Christian Science teaches that any appearance of error— disease, discord, or poverty—is due to wrong thinking. Therefore, the place in which to correct the error is in thought. To admit a mistake is a step toward the right solution of a problem—an important step, to be sure, since it implies the admission that an error has been made and the willingness to rectify it. But there also is the necessity to put the right concept in place of the false, that the individual never again may be tempted to make that particular mistake, and that all who see may be encouraged to work out their problems. This further effort tests the inclination of the student for sustained activity,—for persistence, patience, determination,— and the understanding which he has gained while making and correcting the mistake. The wise student wastes no time in self-condemnation, but is grateful that experience has taught him how to work rightly. He gladly gives up the ignorance, willfulness, or self-sufficiency which has prevented him from seeing the rule which he should have applied to his problem, and enjoys the larger liberty arid wider opportunity for achievement which comes to one striving to work in accordance with infinite, omnipotent, omniscient divine Mind. And he recognizes that he has lost nothing by giving up the wrong way, but has gained immeasurable by accepting the right.

Occasionally some one, not a student of Christian Science, may be heard to say, "I just used Christian Science and denied that I had a headache." But one who comprehends something of the teaching of Christian Science denies not only that he has a headache, but also that a headache can exist; and in the place of the human belief of a suffering, sinning mortal, subject to disease, accident, and poverty, the student of Christian Science strives to understand man as spiritual, made in the image and likeness of God, and therefore incapable of sickness, discord, or sin.
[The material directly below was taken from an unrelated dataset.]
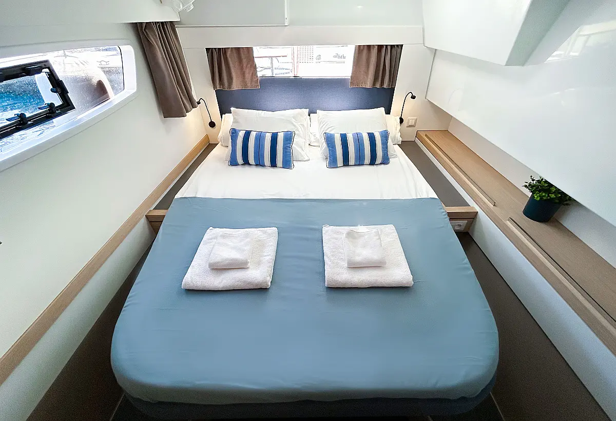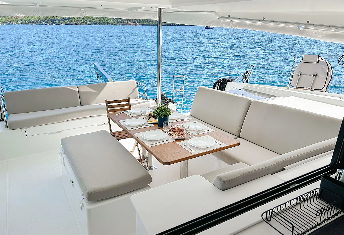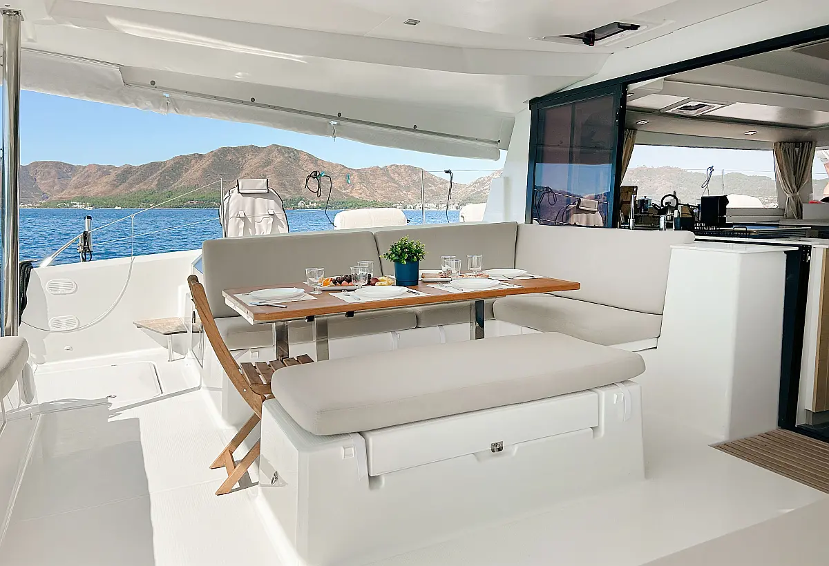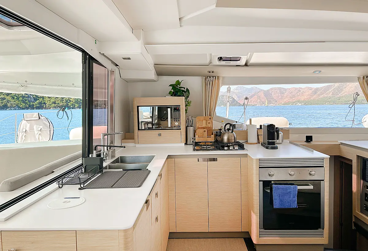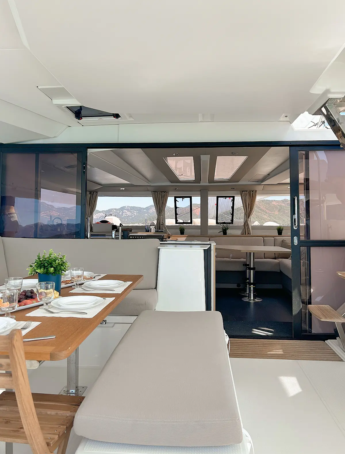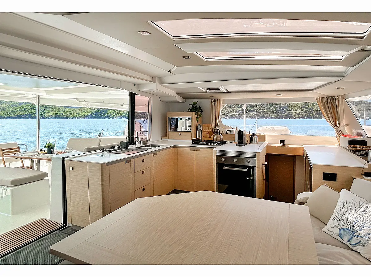 Generator, Dinghy, Coffee maker, Inverter, Air condition, Water maker, Electric winches, Refrigerator, Solar Panels, Cockpit cushions, Cockpit speakers, Wi-Fi & Internet, Electric toilet, Flybridge, Barbecue grill in cockpit, Bimini, Ice maker, Outboard engine, Sprayhood

He corrects his thought by knowing that his human belief of man as entertaining pain was wrong; and he completes his healing by establishing in his consciousness the right concept of man as the child of God, who knows no pain. The mistake is obliterated by the understanding of the spiritual fact; and this reliance upon the truth of God points to an important difference between healing by the Science of Christianity and attempting to control the human body through the so-called carnal or mortal mind.

The student of Christian Science who is faced with a problem of poverty strives to wipe out the belief that he can suffer loss or lack with the understanding that Mind's idea reflects the all-inclusive power which formed it, and therefore always is possessed of all that it needs, and never can be deprived of any good. So he turns his thinking in such a direction that he is enabled to make wise decisions with regard to his expenditures; to deal generously, so that he is "rich toward God" and toward his fellow-man; and to prove that hands which are ready to serve God never can lack an opportunity for right activity. When he has taken a right position mentally, such position will be manifested in his daily affairs.